## Provided records
────────────────────
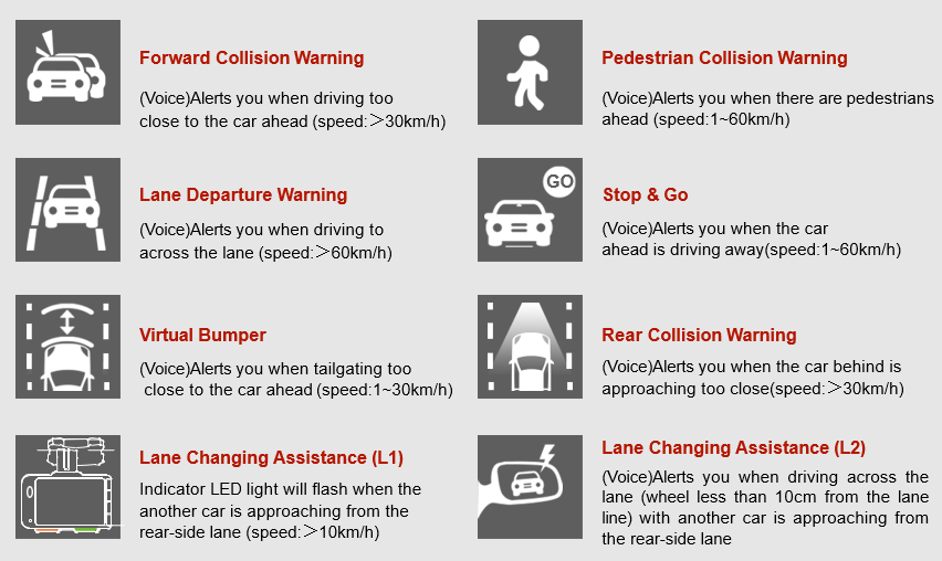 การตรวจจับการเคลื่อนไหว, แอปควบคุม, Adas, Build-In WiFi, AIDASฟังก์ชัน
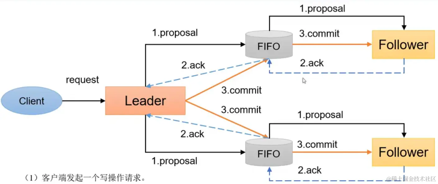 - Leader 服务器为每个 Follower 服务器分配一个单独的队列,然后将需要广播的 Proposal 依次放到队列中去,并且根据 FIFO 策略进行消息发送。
────────────────────
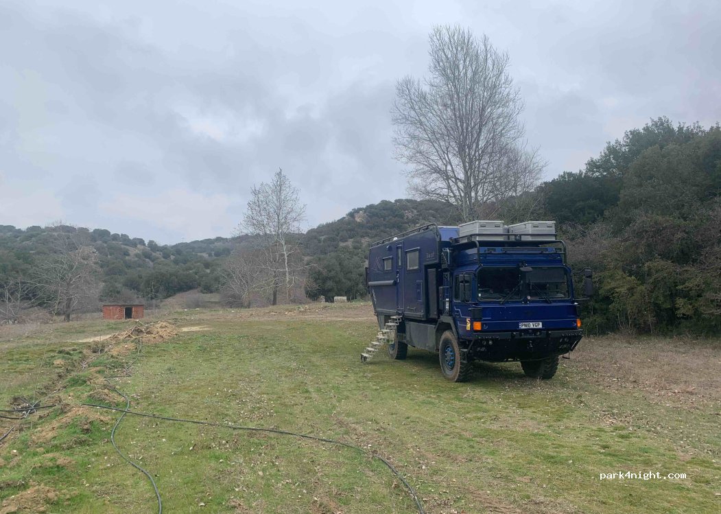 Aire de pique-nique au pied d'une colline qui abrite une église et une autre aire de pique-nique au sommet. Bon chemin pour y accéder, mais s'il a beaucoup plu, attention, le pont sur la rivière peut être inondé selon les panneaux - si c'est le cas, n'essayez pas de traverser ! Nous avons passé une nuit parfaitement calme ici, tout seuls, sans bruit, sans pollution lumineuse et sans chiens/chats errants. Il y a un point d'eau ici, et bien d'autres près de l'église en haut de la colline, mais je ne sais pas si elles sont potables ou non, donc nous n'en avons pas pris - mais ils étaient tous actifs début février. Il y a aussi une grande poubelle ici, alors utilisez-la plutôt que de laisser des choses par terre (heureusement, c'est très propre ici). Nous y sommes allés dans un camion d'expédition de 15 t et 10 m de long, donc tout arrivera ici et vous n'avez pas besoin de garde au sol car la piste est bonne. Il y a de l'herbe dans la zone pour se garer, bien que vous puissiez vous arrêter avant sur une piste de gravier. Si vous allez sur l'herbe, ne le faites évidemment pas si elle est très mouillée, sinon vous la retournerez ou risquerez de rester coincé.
────────────────────
## Aim of the task
Given the listing above, repeat exactly the lines starting at the one with "การตรวจจับการเคลื่อนไหว, แอปควบคุม, Adas, Build-In" and ending at the one with "- Leader 服务器为每个", inclusive, excluding pictures.

## Response for this exercise
 การตรวจจับการเคลื่อนไหว, แอปควบคุม, Adas, Build-In WiFi, AIDASฟังก์ชัน
 - Leader 服务器为每个 Follower 服务器分配一个单独的队列,然后将需要广播的 Proposal 依次放到队列中去,并且根据 FIFO 策略进行消息发送。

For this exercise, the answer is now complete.